Recently I spent quite a bit of time thinking about differences between modern search and search as it was 10 years ago. Modern search is data driven. It doesn’t need (much) manual adjustment of weights or anything else. Modern search self-adjusts by consuming logs of user behavior, query logs and other data sources (such as crawling relevant websites).
Modern search is semantic (as opposite to full text). It includes components designed to provide query understanding and enhancement logic. Many of these components are extremely low latency (within 30 ms) as they communicate with the user on query building (for example, autocomplete). Modern search typically doesn’t make a lot of use of classic reverse word indices because the document is represented by a semantic description.
Modern search is highly personalized. Personalization in the form of user’s input, context, and past behavior participates in query building and other (Learning To Rank (LTR) etc.) activities. Query itself significantly grows in size and can reach several hundred Kilobytes.
Semantic search means embeddings and that means several machine learning models deployed as a part of the search environment.

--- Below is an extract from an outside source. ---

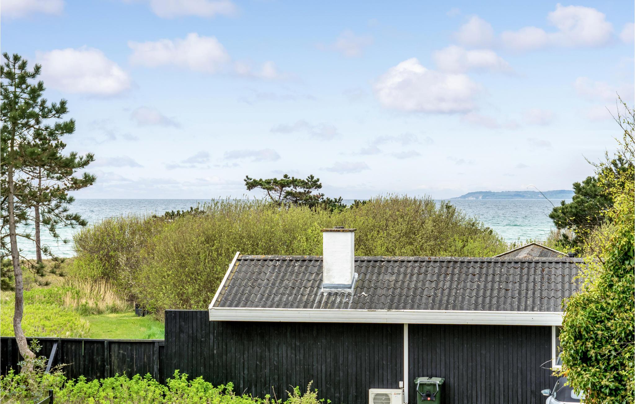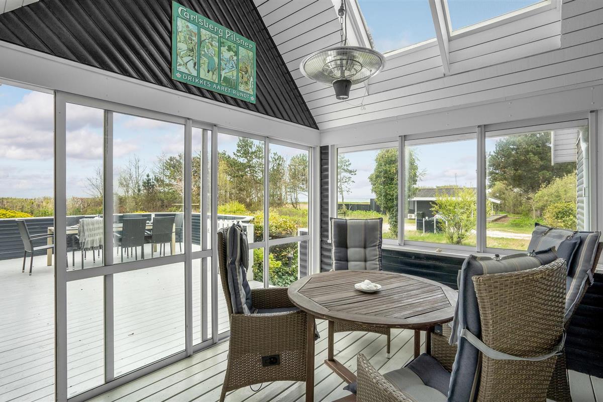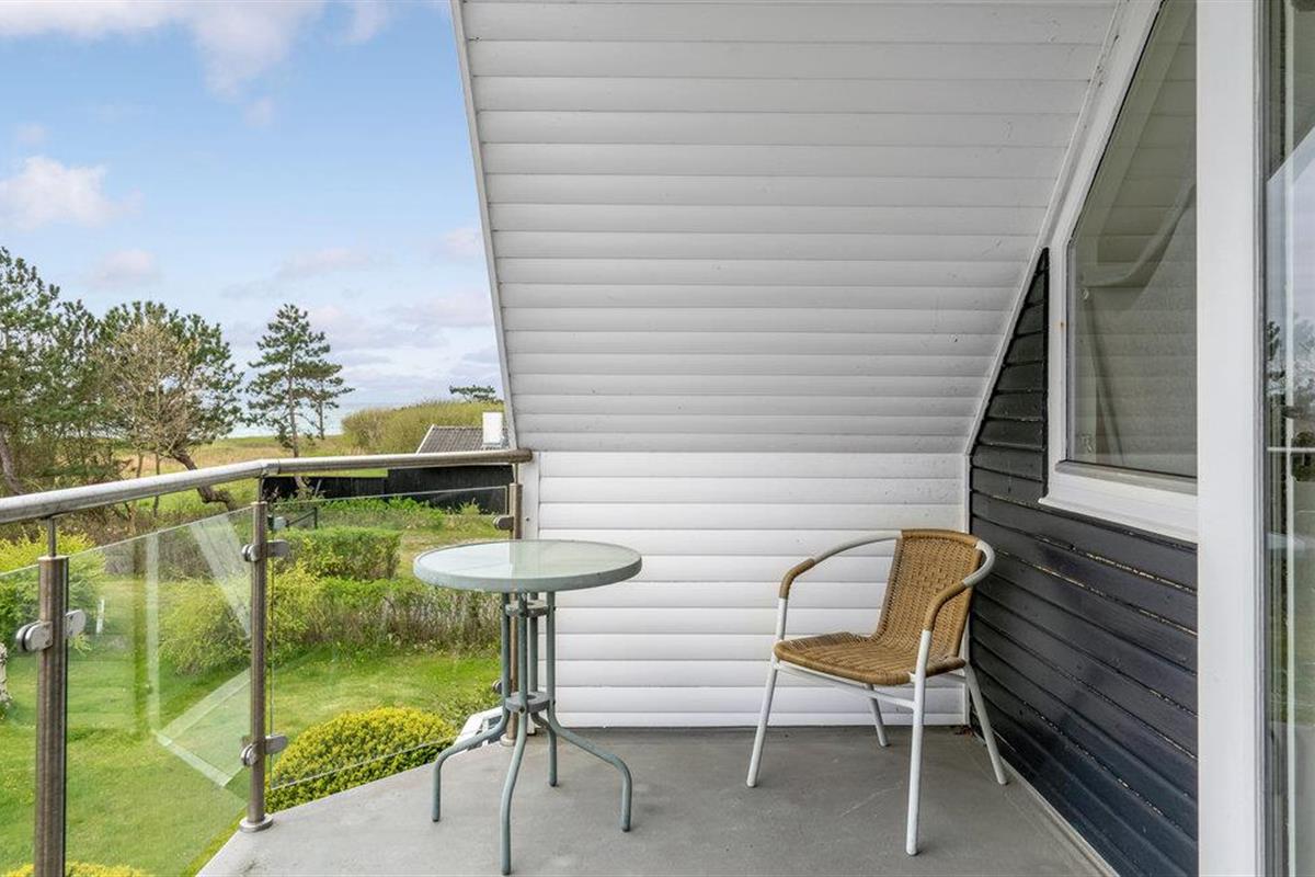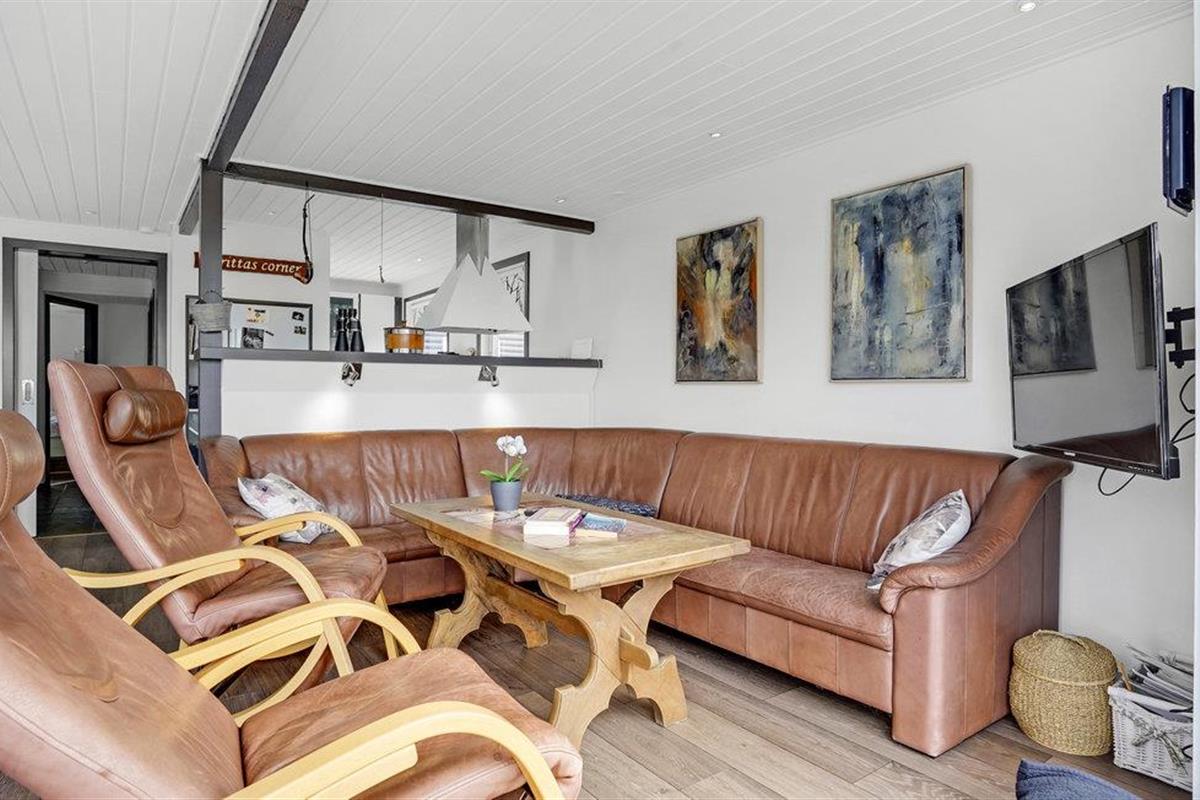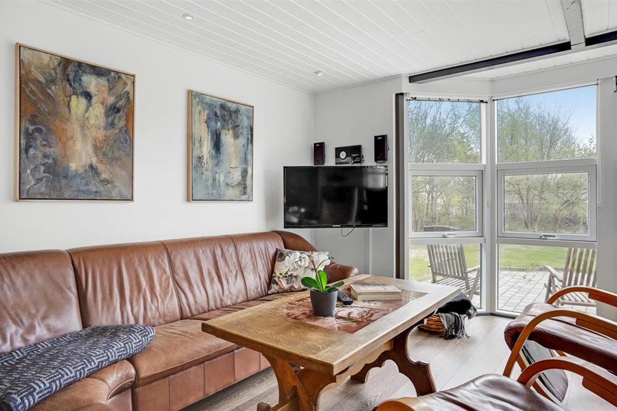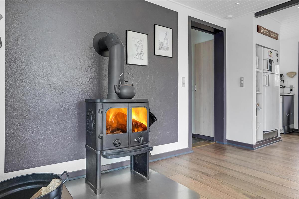 Gezellig houten vakantiehuis bij Øer Strand met jacuzzi, open haard en prachtig uitzicht op zee.

We need a model to generate embeddings for static data, another (or a variety of that one) to generate a representation of a query, possibly yet another model to handle user dialog and yet another model to rank the responses. There are two fundamental problems that are independent of the nature of your data and the goal of your search. One of the problems is the difference between environment and tools preferred by data scientists for all things machine learning (ML) and enterprise software developers for all things production. Data scientists prefer mainly python-based with various python-specific tool kits (pandas, TensorFlow etc.). Enterprise developers run services mainly written in Java in Java-oriented environments. The issue is transferring a model trained in a python-specific toolkit into a Java environment and running it there with sufficient performance.
Another fundamental problem is testing-related: the problem I want to discuss today. Models work on the data they are trained on. Typically the data in test and prod environments is nothing alike, as very few enterprises have a continuously running process migrating data from prod to test. Such migrations are hideously expensive in terms of development effort and runtime expenses. The data has to be anonymized, cleaned up while somehow staying consistent across all databases. Considering that every (micro)service typically has its own storage, keeping all of that in sync during data migration is highly non-trivial. Search isn’t an exception to this problem either as during online embedding generation some of the features typically come in real time from various services. For example, personalization information changes quite quickly. The only truly generic solution to this problem is no separate testing environment at all (unfortunately this is also very common). My preferred solution is to test in a production environment but in insulation from handling real production traffic. The first step is collecting the testing data. For that, I need a “feature flag” — a configuration option that is accessible by everything at runtime and can be changed without a deployment. My feature flag will trigger a request-marking functionality in the UI. Now a certain percentage of requests (in this case, only search-related) will be marked with the “log everything” option. The UI is smart enough to mark the query and the clicks (if any) the user makes on query results. The backend logs everything, including requests and responses to other services.
The next step is processing the log into a separate, test-related storage. With this approach I can create a stub for (or mock) online services to avoid the side effects and create a stub for (or mock) any of the search components as I already got their output. As the data is not leaving the production environment and its controls I don’t have to invent new ways to handle Personally Identifiable Information, sanitize the data etc. I turn the logging on only as needed so I don’t need to constantly carry the burden of super large log files. When I am done testing I can completely delete the data or use it for training new ML models. During testing I replay the recorded query traffic and observe the results.
While working on search problems I found a couple of really good articles:  and . On one hand, I wish I found them sooner — that would cut down on research time. On the other hand, it’s nice to find an independent confirmation to one’s way of thinking. Also it’s known that you need to know 80% of the answer to ask a good question. One way or another I hope these articles will be as useful to you as they were to me (or more).
1.LY Wu, A. Fisch, S. Chopra, K. Adams, A. Bordes, and J. Weston. Starspace: Embed all the things! InThirty-Second AAAI Conference on Artificial Intelligence, 2018
2. S. Liberman, S. Bar, R. Vannerom, D. Rosenstein & R. Lempel. Search-Based Serving Architecture of Embeddings-BasedRecommendation.